Victor Brauner, Romanian Surrealist
A current retrospective exhibition in Romania surveys the output of a key figure of Surrealism.
[Image: Victor Brauner, Totem of Wounded Subjectivity II , 4 August 1948 Oil on canvas 91,5 x 72,7 cm Legacy of Mrs. Jacqueline Victor Brauner in 1986 Collection Centre Pompidou, Paris Musée national d’art moderne - Centre de création industrielle Inventory number: AM 1987-1205 Copyright of artwork: © Adagp, Paris Filename : 4F00059 Photo credit : (c) Centre Pompidou, MNAM-CCI/Jean-François Tomasian/Dist. RMN-GP Copyright of artwork : © Adagp, Paris]

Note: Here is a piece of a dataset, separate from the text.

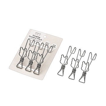 asdfkitty*日本 ECHO 造型不鏽鋼掛勾夾3入-曬衣夾-可掛在網板.洞板.鋼架上-可夾菜瓜布.手套.牙膏-正版
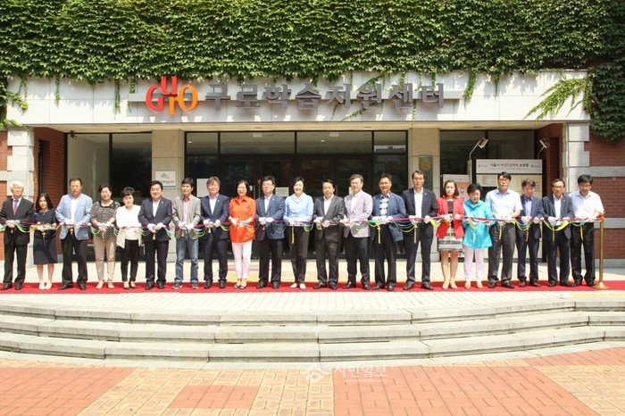 서울 구로구가 지난 15일 개최한 '구로학습지원센터 개관식'에 참석한 이성 구청장(오른쪽에서 10번째)과 관계자들이 리본커팅식에서 리본을 자르고 있다.(사진제공=구로구청)

To mark the 120th anniversary of one of Romania’s most important artists, Timisoara is currently staging a retrospective of Surrealist painter-sculptor Victor Brauner (1903-1966): Victor Brauner: Inventions and Magic (National Museum of Art, Timisoara, 17 February-28 May 2023). This review is from the catalogue. Brauner’s life as an exile in Paris mirrored that of other Romanians, who were unwilling or unable to live under the Communist regime. Brauner’s aversion to totalitarianism and his commitment to follow his imagination, wherever that was, made him incompatible with the values of the government. It just so happened that he had left his home country before World War II to be part of the Surrealist group under the guidance of André Breton.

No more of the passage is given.